Three types of cutoffs are provided, for compatibility: trusted_cutoff (TC), gathering threshold (GA), and noise_cutoff (NC). In this library, TC and GA are always set to be identical. If NC is set to be the same as TC, this indicates that the noise cutoff has not yet been manually reviewed. Because all three types of cutoff are provided, searches may be performed using any of the HMMER package switches, --cut_tc, --cut_ga, or --cut_nc. AMRFinder uses --cut_tc.

Gene/Protein Hierarchy

AMRFinder treats all families and alleles of AMR proteins as nodes in hierarchical tree. Below is an example of the parent-child relationships for a beta-lactamase allele and the broader families that contain it.

bla - beta-lactamase
  bla-A - class A beta-lactamase
    bla-A_carba - carbapenem-hydrolyzing class A beta-lactamase
      blaKPC - KPC family carbapenem-hydrolyzing class A beta-lactamase
        blaKPC-2 - carbapenem-hydrolyzing class A beta-lactamase KPC-2 (allele)

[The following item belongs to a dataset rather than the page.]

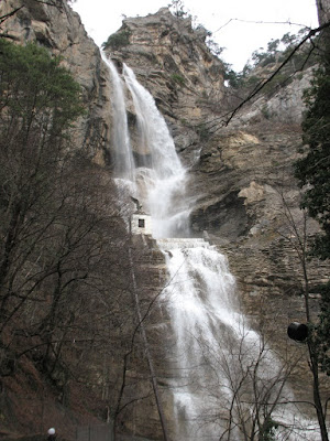 Водный поток, падающий с высоты 98 м, выглядел восхитительно полноводным в это время года. А нас ждал обед ниже по течению и маршрутка на Ялту. Но более соблазнительным показалось спуститься по тропе вдоль реки прямо к Поляне Сказок. Не находились за вчера, ага. Спуск занял минут 15 плюс еще столько же среди будущей элитной крымской недвижимости, прущей из-под земли как грибы на месте недавно сгоревших заповедных лесов. На посещение замечательного Ялтинского зоопарка сил у меня не осталось совсем. Визит туда я отложу до лучших времен. Дальше все просто – маршруткой до автовокзала, пешком до набережной. Что может быть приятней, чем в конце трудного перехода смыть накопившуюся на ботинках и одежде глину в Черном море. На десерт оставалось распить бутылочку десертного коктебельского Кара-Дага с видом на Ялтинский маяк. Приключение, трудное, но незабываемое, подошло к логическому завершению.

Evidence used to annotate proteins relies on HMM and BLAST. AMRFinder will assign the most specific name it can find that is justified by the evidence. In the example shown above, the bottom level represents an allele. Assigning an AMR protein to a specific allele requires a 100% identity BLAST match. Each higher level node may have an associated HMM, with defined cutoff scores that make assignment to that family deterministic. Not every (non-allele) node has its own HMM, but every AMR protein is covered by at least one HMM somewhere above it in the hierarchy.

Note that some nodes in the hierarchy group together child families that are not necessarily related by homology. Such nodes will always lack an HMM. For example, the family bla ("beta-lactamase") contains child families bla-A ("class A beta-lactamase") and "metallo-beta-lactamase"), which are similar in function but lack any sequence homology to each other.